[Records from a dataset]
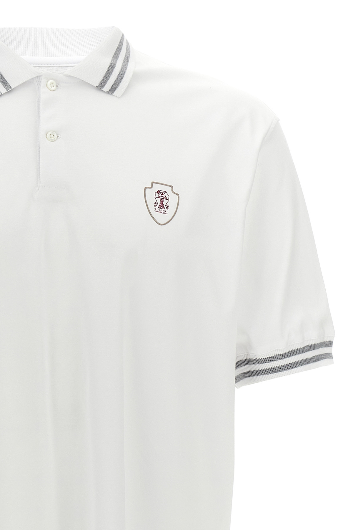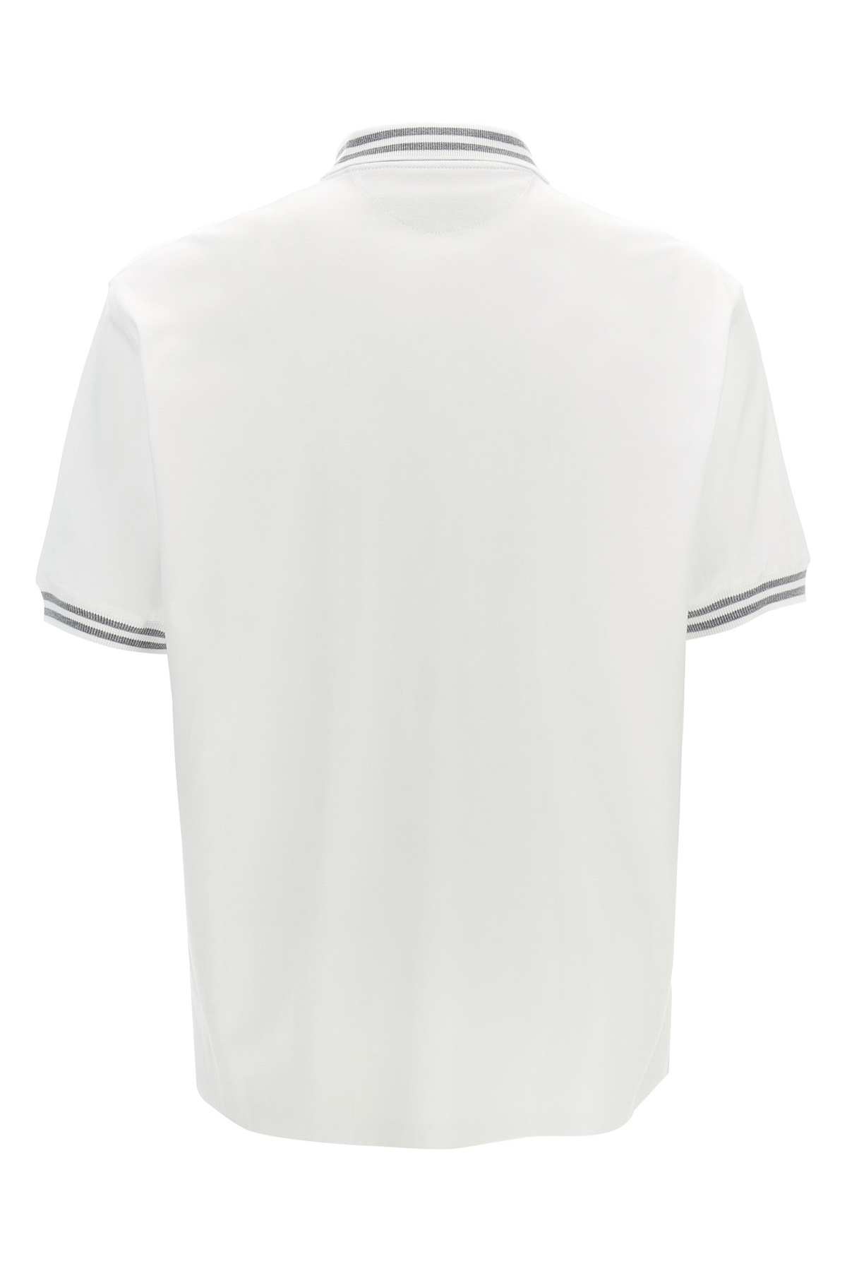 Cotton polo shirt, front logo embroidery, knit collar and cuffs with contrast stripes, buttons, short sleeves
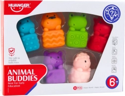 Dette sæt med 6 bløde gummidyr begejstrer børn med sine klare farver og det sikre, fleksible materiale. Hver figur er cirka 8 cm, ligger godt i barnets hånd og indbyder til at klemme, gribe og udforske teksturer – derhjemme og i badet.
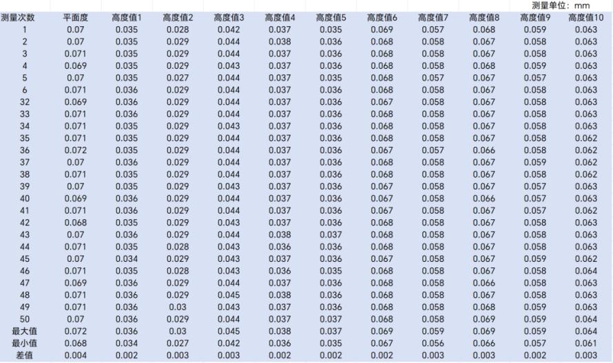 图 | 折叠屏铰链平面度和高度差测量数据表
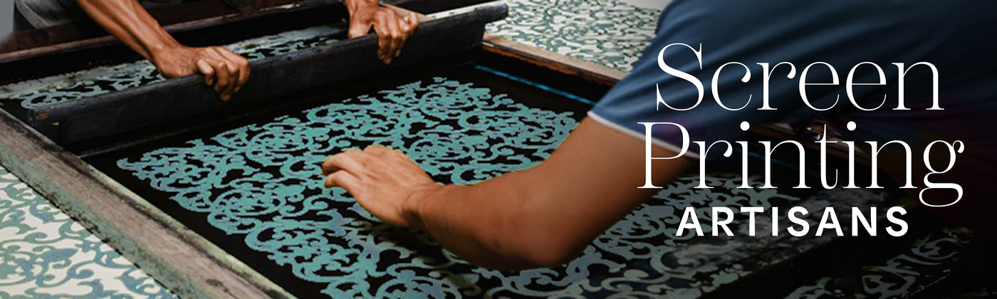 Pouring just the right amount of seaweed-based screen printing ink onto the silk screen.
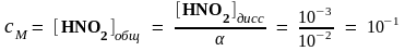 HNO2 H+ + NO2‾, следует, что [H+] = [HNO2]диссоц = 10‾3. Из выражения
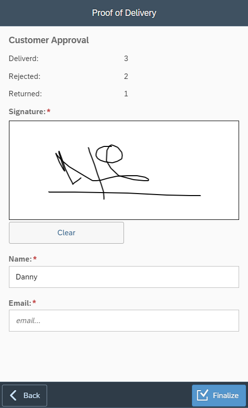 Click the Finalize button to confirm and send all data to Proof of Delivery Server for processing.
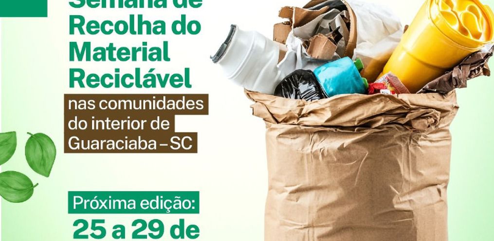 A Administração Municipal de Guaraciaba através da Secretaria de Agricultura e Meio Ambiente comunica que realizará mais um cronograma de recolha de materiais recicláveis nas comunidades do interior do Município. O roteiro será realizado do dia 25 ao dia 29 de agosto.
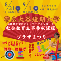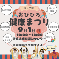 とかちプラザで行われる「プラザまつり」と、帯広市保健福祉センターで行われる「おびひろ健康まつり」に出展いたします。
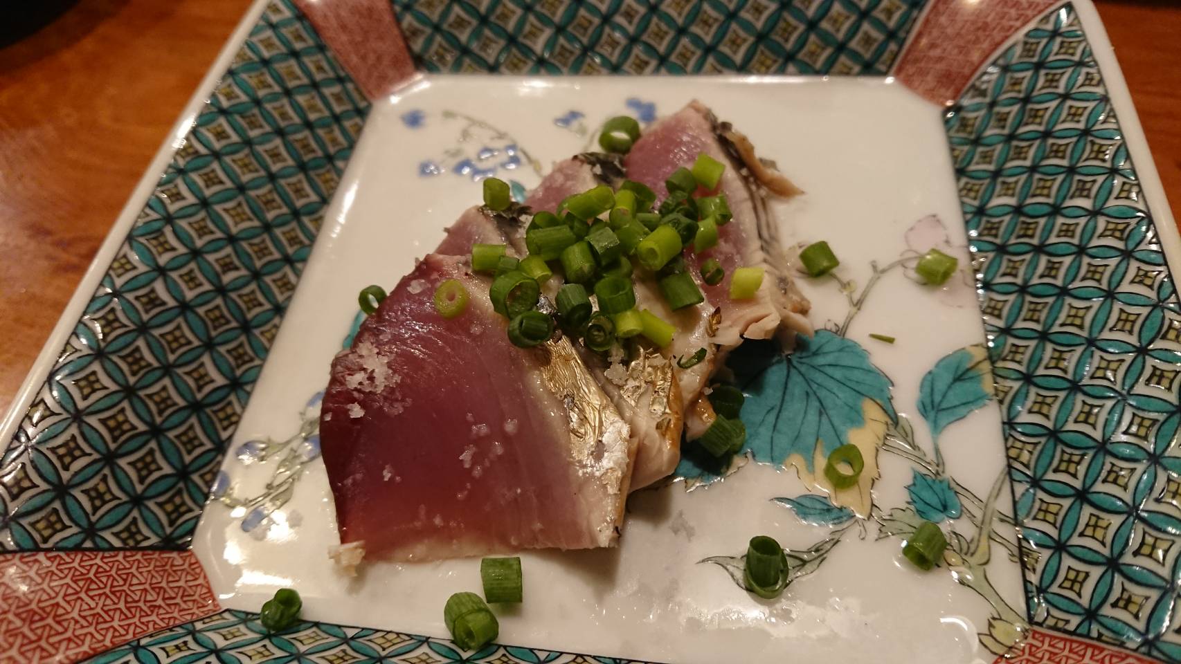 その後も、『真鯛のカブト焼き』と『カツオの藁焼き』と、続々と旬の味覚が登場してきて、いつの間にかお腹もいっぱいになってきました!スモーキーなカツオに合わせて、『無一物』をお湯割りに切り替えて、第二ラウンド開始です。
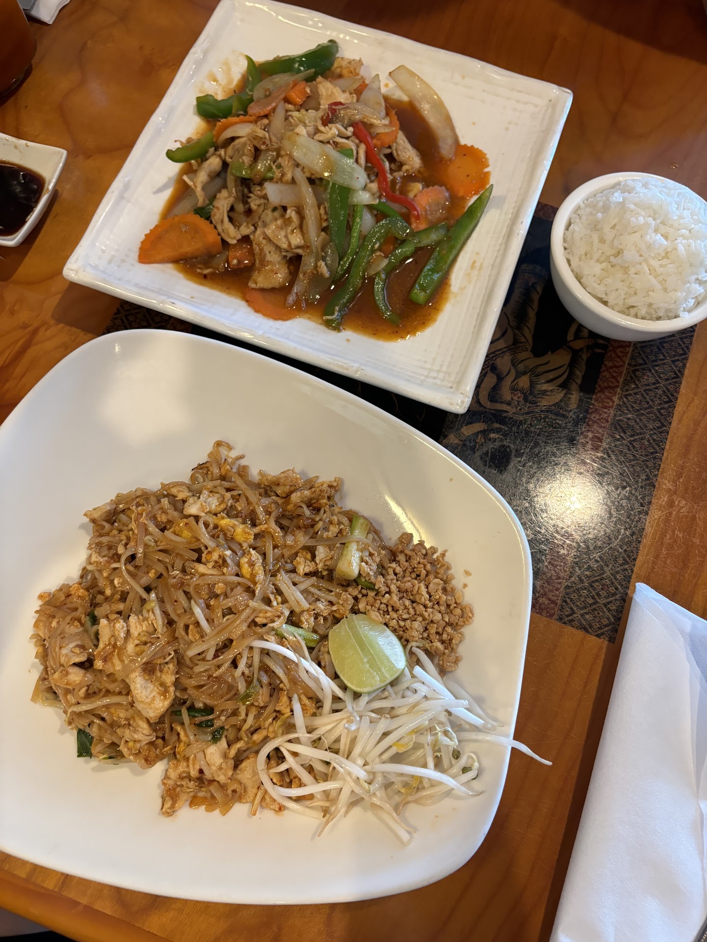 It’s almost a disappointment to have found this incredible restaurant because I will forever be letdown by thai at every other restaurant. THIS is the gold standard. Let me explain. Ok - first of all kind of a sneaky hole in the wall place with a surprisingly pleasant and classy vibe. Long bar with TVs, but no one sits at it, so a classy crowd here. The service is excellent and each dish is prepared to perfection. Coming out immediately when it is off the wok. So sure, you might wait a minute or two between each dish coming out but trust me, you wouldn’t want it any other way. Look at the photos I’ve provided! The food it hot, the noodles are clearly fresh noodles sourced locally and soft chewy perfection. The ingredient proportions perfect. The portions generous yet appropriate. The fish is as fresh as can be (my husband is obsessed with the pineapple curry snapper). The pad thai is mind blowing - you can taste the palm sugar - ugh, so good!! The pad see ew is the best we have ever had. The amount of protein they provide in each dish is so generous, I’m almost surprised they can turn a profit — but very grateful too! To explain how good this place is I will say this… we went one night with the kids and it was SO good we got a babysitter to go the next night without the kids and eat it all over again. To our dismay it ended up being closed on Tuesdays so we had to go elsewhere and we got ANOTHER babysitter to come back her later that week when it was open. I am absolutely shocked that locals don’t know about this restaurant when I tell them. I think the name doesn’t explain enough about who they are. So…. In summary… are photos below… drool…. Then get in your car and try this place out. I’ll be sad when it’s slammed busy because everyone discovered it, but also happy because they deserve the recognition.

| Exercise instructions |
Give the data again exactly as written, with no pictures included.

| Answer to the exercise |
 Cotton polo shirt, front logo embroidery, knit collar and cuffs with contrast stripes, buttons, short sleeves
 Dette sæt med 6 bløde gummidyr begejstrer børn med sine klare farver og det sikre, fleksible materiale. Hver figur er cirka 8 cm, ligger godt i barnets hånd og indbyder til at klemme, gribe og udforske teksturer – derhjemme og i badet.
 图 | 折叠屏铰链平面度和高度差测量数据表
 Pouring just the right amount of seaweed-based screen printing ink onto the silk screen.
 HNO2 H+ + NO2‾, следует, что [H+] = [HNO2]диссоц = 10‾3. Из выражения
 Click the Finalize button to confirm and send all data to Proof of Delivery Server for processing.
 A Administração Municipal de Guaraciaba através da Secretaria de Agricultura e Meio Ambiente comunica que realizará mais um cronograma de recolha de materiais recicláveis nas comunidades do interior do Município. O roteiro será realizado do dia 25 ao dia 29 de agosto.
 とかちプラザで行われる「プラザまつり」と、帯広市保健福祉センターで行われる「おびひろ健康まつり」に出展いたします。
 その後も、『真鯛のカブト焼き』と『カツオの藁焼き』と、続々と旬の味覚が登場してきて、いつの間にかお腹もいっぱいになってきました!スモーキーなカツオに合わせて、『無一物』をお湯割りに切り替えて、第二ラウンド開始です。
 It’s almost a disappointment to have found this incredible restaurant because I will forever be letdown by thai at every other restaurant. THIS is the gold standard. Let me explain. Ok - first of all kind of a sneaky hole in the wall place with a surprisingly pleasant and classy vibe. Long bar with TVs, but no one sits at it, so a classy crowd here. The service is excellent and each dish is prepared to perfection. Coming out immediately when it is off the wok. So sure, you might wait a minute or two between each dish coming out but trust me, you wouldn’t want it any other way. Look at the photos I’ve provided! The food it hot, the noodles are clearly fresh noodles sourced locally and soft chewy perfection. The ingredient proportions perfect. The portions generous yet appropriate. The fish is as fresh as can be (my husband is obsessed with the pineapple curry snapper). The pad thai is mind blowing - you can taste the palm sugar - ugh, so good!! The pad see ew is the best we have ever had. The amount of protein they provide in each dish is so generous, I’m almost surprised they can turn a profit — but very grateful too! To explain how good this place is I will say this… we went one night with the kids and it was SO good we got a babysitter to go the next night without the kids and eat it all over again. To our dismay it ended up being closed on Tuesdays so we had to go elsewhere and we got ANOTHER babysitter to come back her later that week when it was open. I am absolutely shocked that locals don’t know about this restaurant when I tell them. I think the name doesn’t explain enough about who they are. So…. In summary… are photos below… drool…. Then get in your car and try this place out. I’ll be sad when it’s slammed busy because everyone discovered it, but also happy because they deserve the recognition.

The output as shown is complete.